The leaders of several African nations and the president of
France on Friday attended the funeral of President
Idriss Déby of Chad, one of
Africa’s most enduring and feared autocrats whose death from injuries sustained
in clashes between rebels and government forces was announced this week.
اضافة اعلان
Despite abuses directed at his own people during his 31-year
rule, Déby had benefited from the indulgence of Western powers as he remained a
steady linchpin for their military interventions against Islamist insurgents in
the region. His death has thrown the future of the vast African nation into
uncertainty.
The Chadian military announced this week that Déby, 68, had died
Monday — the same day that his victory in a sixth election, marred by
irregularities, had been confirmed.
President Emmanuel Macron of France traveled to the Chadian
capital, Ndjamena, for Déby’s funeral, a sign of the significance that his
country has attached to Chad in recent years, amid a fight against insurgents.

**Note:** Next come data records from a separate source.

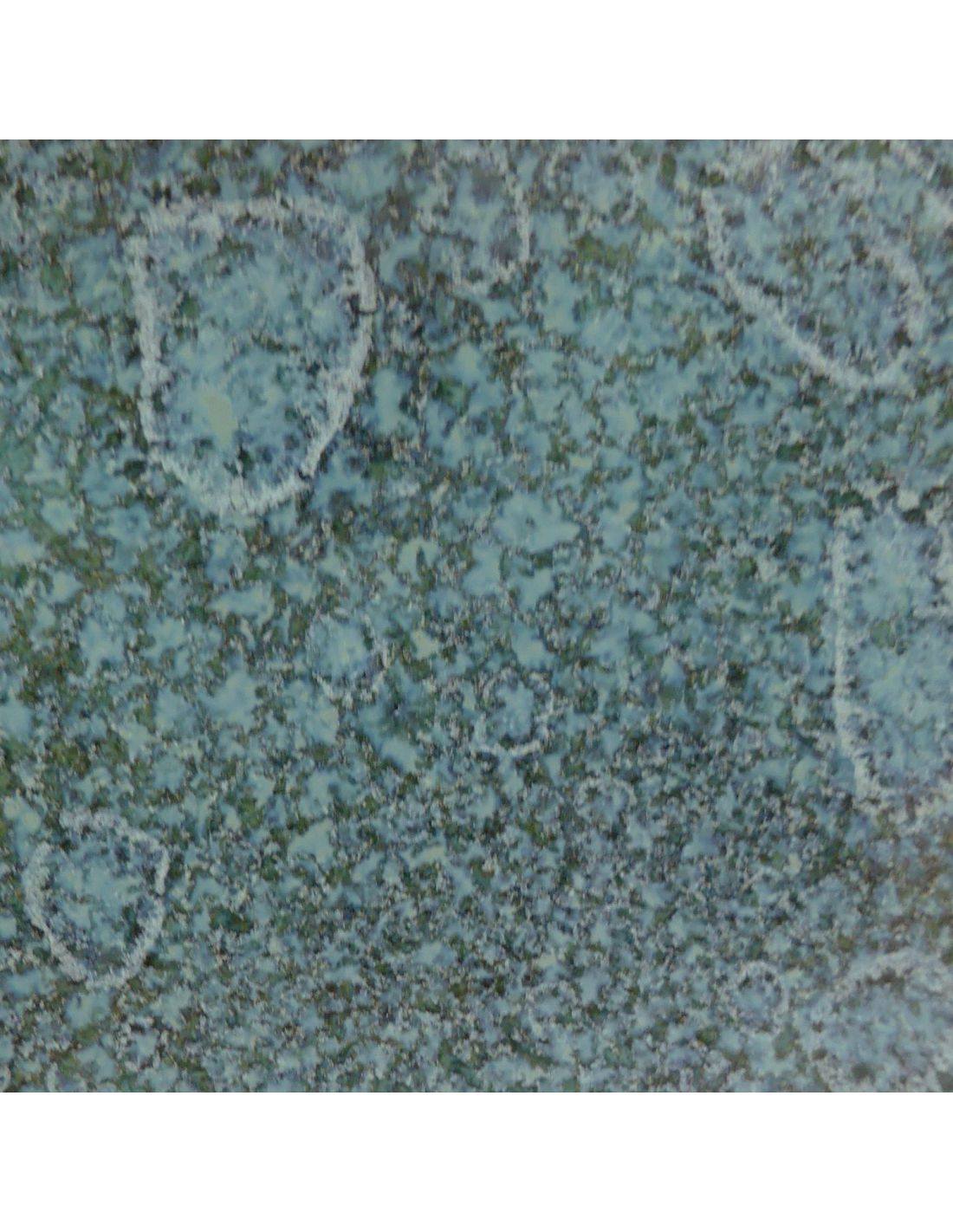 Émail en poudre pour faïence vert satiné avec des effets de petites nucléations feuilletées.
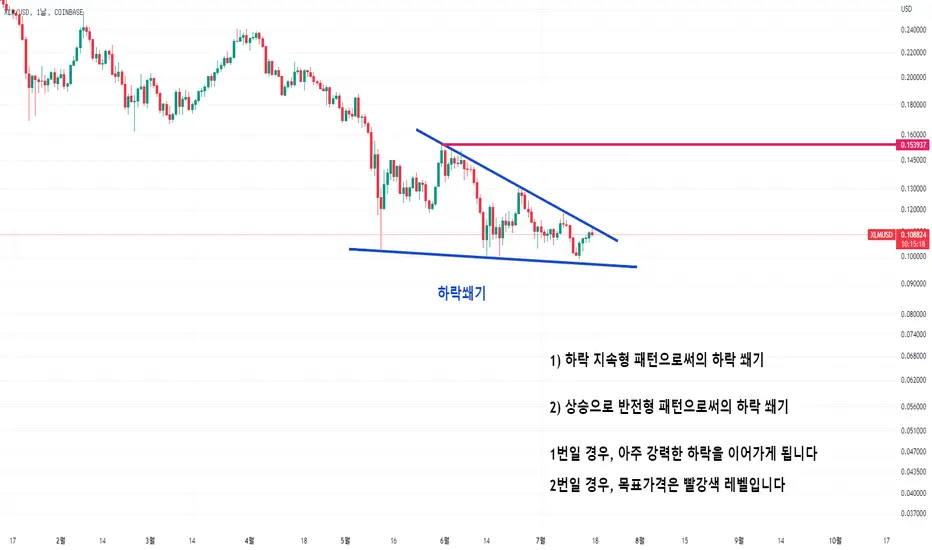 하락쐐기 내부 세부파동 카운팅을 해보면, 1번 가능성이 더 높다고 생각합니다하지만 알트코인 달러차트는 비트코인 달러차트에 의존적이므로, 알트코인 달러차트만 놓고 방향성에 확신을 가지기에는 무리가 있습니다
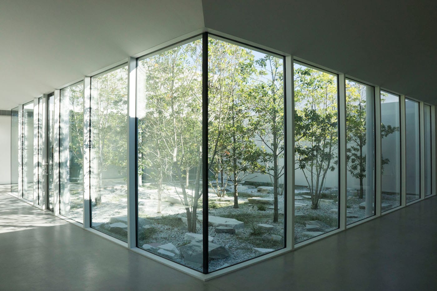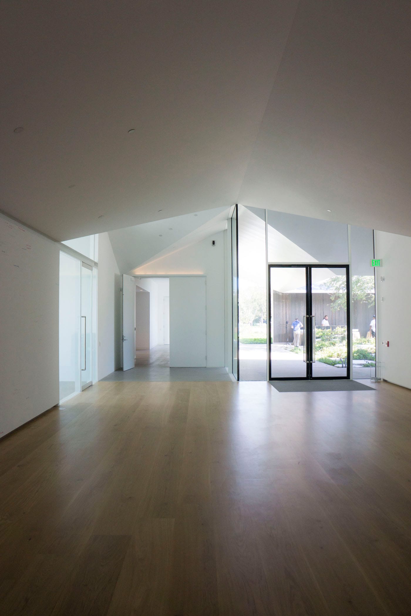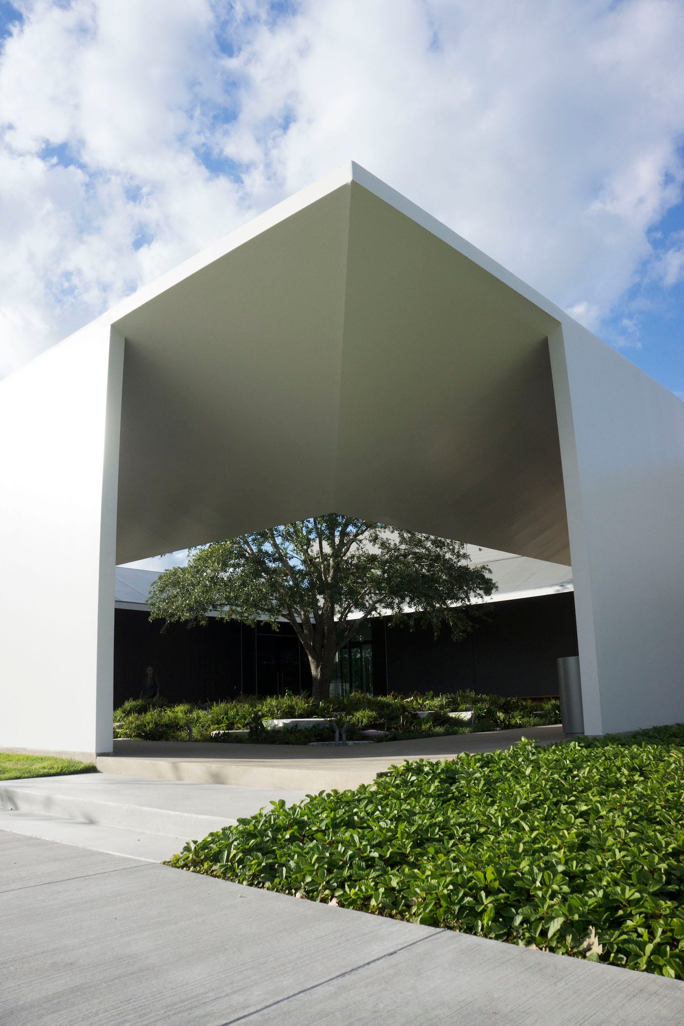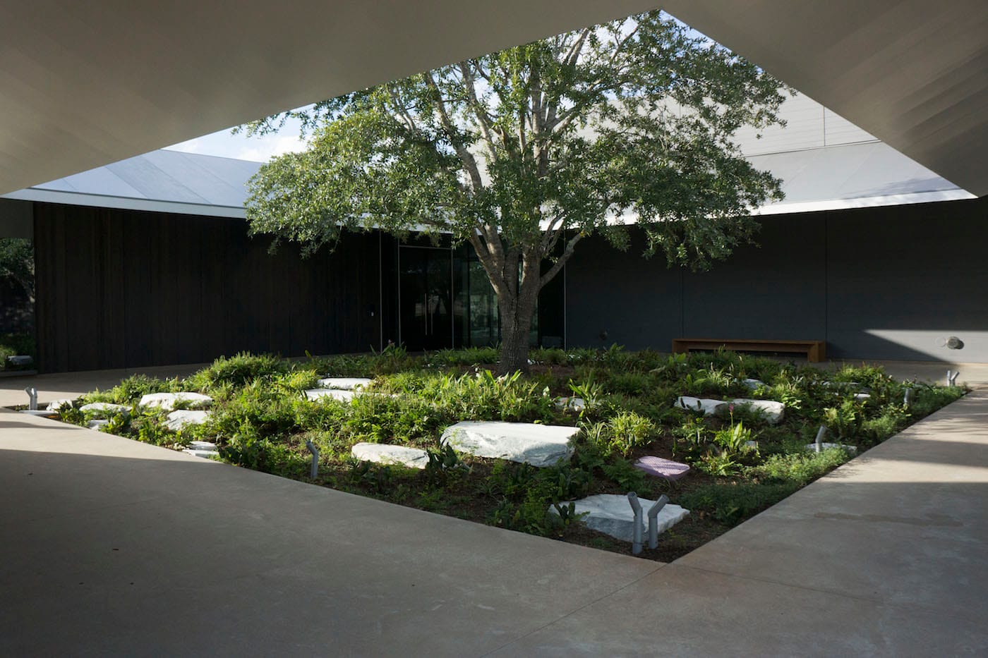 Located at the center of the Menil Collection’s 30-acre campus, south of the Main Building and across from the Cy Twombly Gallery, the MDI seems to meld into greenery; a grand, live oak frames the structure, and three square gardens are directly incorporated into the building. One highlight is the courtyard for staff and visiting scholars, tucked inside the building and punctuated with a grove of streaked marble and young Japanese magnolias that filter dappled light into the corridors. During opening weekend, the trees poked through and whistled in the wind, but in a clime as unpredictable as Houston (where there was torrential downpour and a tornado warning just one day before I arrived), I imagine rain running down the roof in a shimmering curtain of water would be equally stunning. It’s this attention to detail that allows visitors to always be aware of light and space while in the MDI — whether it be a cloud passing over a skylight, or shafts of raking light warming up the building.

Groups linked to the Islamic State and al-Qaida have been active
in the Lake Chad basin and the Sahel, an arid swath south of the Sahara
spanning six African countries, threatening security in the region.

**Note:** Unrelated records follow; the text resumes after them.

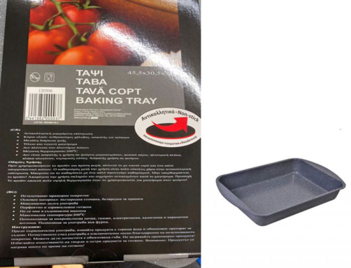 Συγκεκριμένα πρόκειται για αντικολλητικό ταψί διαστάσεων 45,5x30,5x7cm και Lot No: B65AM2140-3, προέλευσης Κίνας, το οποίο διανέμεται στην Ελλάδα από την επιχείρηση «JUMBO ΑΕΕ».
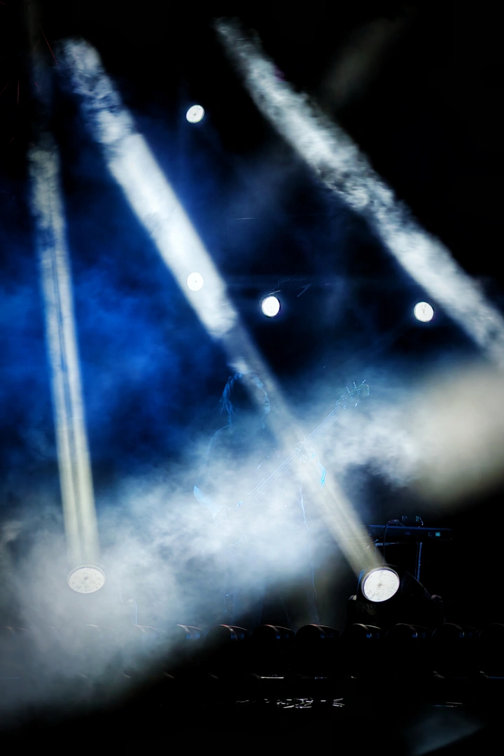 乐队演出现场,霓虹幻影、雾气弥漫,贝斯手在光柱间穿梭弹奏,尽情的享受着这舞台上的演出!
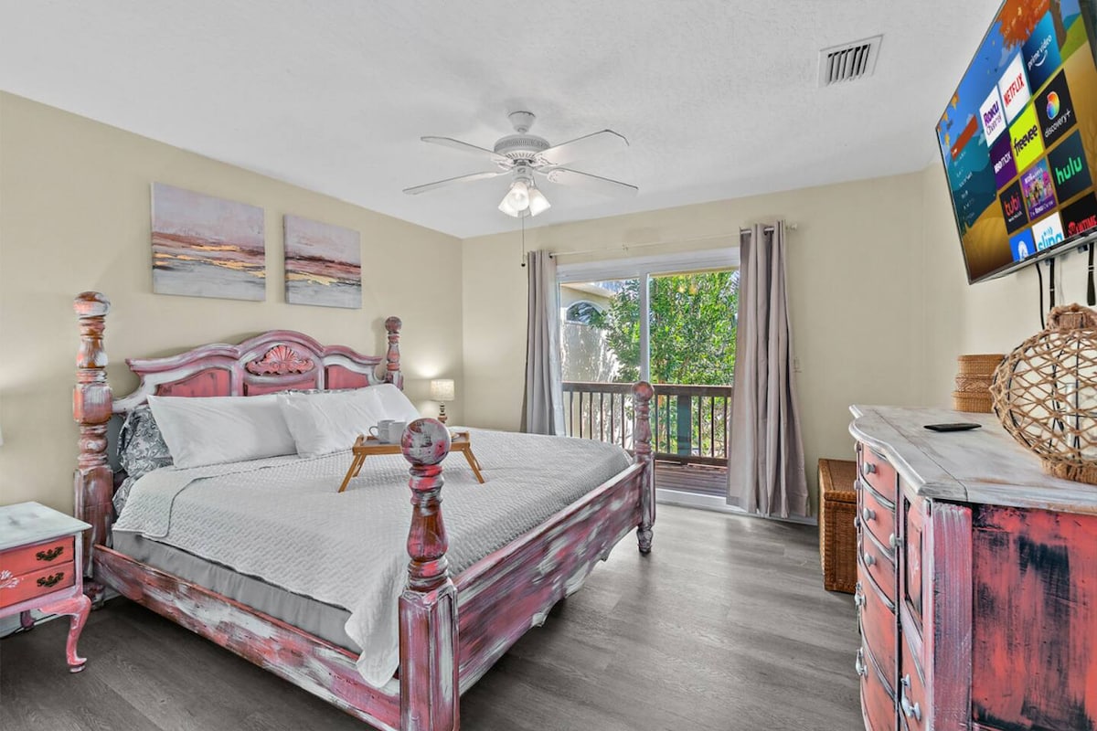 This STUNNING 3 bedroom, 5 beds, 2 full bathrooms house is steps from Cocoa Beach. This is a dream vacation with a lot of space and all of the comforts of home. Dishwasher, washer/dryer, air hockey table, toys and much more! Restaurants and unique shops are 1.6 miles away. Shop, eat, surf and then relax in our home! Did I mention the beach is across the street? Ron Jon’s is 4 miles away and Port Canaveral is 8 miles away! Thank you for supporting local! Check out our 1000’s of reviews.
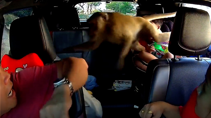 Con khỉ nhảy vào ô tô và cướp đồ ăn trên tay của cậu bé khi gia đình lái xe qua khu rừng ở tỉnh Prachuap Khiri Khan, Thái Lan.
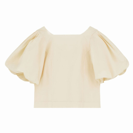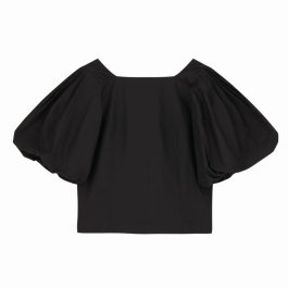 Blusen er designet med firkantet halsudskæring, som smukt indrammer kravebenet, samt en dyb ryg, der tilfører et eksklusivt og feminint element. De voluminøse ballonærmer skaber en markant silhuet og giver modellen karakter og bevægelse.

Jean-Yves Le Drian, the French foreign minister, said Thursday
that Chad’s stability was crucial to the Sahel, and “also Europe’s security,”
in an interview on French television this week.
The European Union’s foreign policy chief, Josep Borrell
Fontelles, also attended the funeral, along with the heads of state of
Cameroon, the Congo, Guinea and Niger, among others, despite security concerns.
The rebel group that claimed responsibility for Déby’s death,
the Front for Change and Concord in Chad, threatened to march on Ndjamena on
Friday, after the funeral, and had warned foreign leaders not to attend.
Thousands lined the streets of Ndjamena during the ceremony.
Déby was expected to be laid to rest Friday afternoon in his hometown,
Amdjarass, near the border with Sudan in eastern Chad.
Tensions remained high in the capital this week after a military
council installed Mahamat Idriss Déby, Déby’s 37-year-old son, as interim
president. Political opponents have denounced the move as a coup d’état because
the Chadian Constitution dictates that the president of the National Assembly
should become the interim leader until elections are held.
And questions remain about the circumstances surrounding Déby’s
death, with uncertainty over whether he was killed in clashes or during a
meeting with the rebel group, or whether he was in fact killed by a rival.
At the funeral Friday, Déby’s family praised “a great fighter”
who was “obsessed with peace and the unity of Chadians.”
“You’ve left while walking toward the enemy,” said Abdelkrim
Idriss Déby, another of Déby’s sons.
Macron said Déby had lived as a soldier and died as one.
“Idriss, you were an exemplary chief and a courageous warrior,
but you also knew the value of diplomacy and cooperation between peoples,”
Macron said at the funeral Friday.
In Chad, one of the world’s poorest nations despite vast oil
resources, Déby’s death leaves a major void. But it could also have a crucial
impact on how France conducts security operations in the region.
France has long relied on Chad, a former colony, as a support
base for its own troops and as a strategic partner for operations in the Sahel
region, with a continued military presence in Ndjamena since 1986.
Its counterterrorism operation in the Sahel, known as Operation
Barkhane, is headquartered in the capital. The French president’s office said
Monday that the nation had lost “a courageous friend” with Déby’s death.
Thomas Gassilloud, a French lawmaker who sits on a parliamentary
committee focusing on the relationship between France and Chad, said that Déby
had long offered stability in a region where that was difficult to find.
“Chad is at the crossroads of zones that have faced multiple
security crises in recent years: Libya to the north, Niger to the west, and the
Central African Republic to the south,” he said, noting that Déby had studied
at the prestigious Paris-based military school that trains senior French army
officers. “France was used to working with Déby, and when it came to military
operations in the Sahel, they spoke the same language.”
Macron arrived in Ndjamena on Thursday evening, before the
funeral, and met with Mahamat Idriss Déby at the presidential palace. French
authorities have said that “exceptional circumstances” in Chad justified the
installation of Déby’s son as interim president.
Roland Marchal, a longtime expert on Chad at the Paris-based
Sciences Po university, said that Macron’s meeting with Mahamat Idriss Déby
showed French approval for what several analysts consider a coup, noting that
Paris had not publicly called for the Chadian Constitution to be respected,
unlike US officials have.
“France wants to keep a privileged relationship with the Chadian
authorities,” Marchal said, “and for that it is ready to accept that the
constitution of a country be swept away.”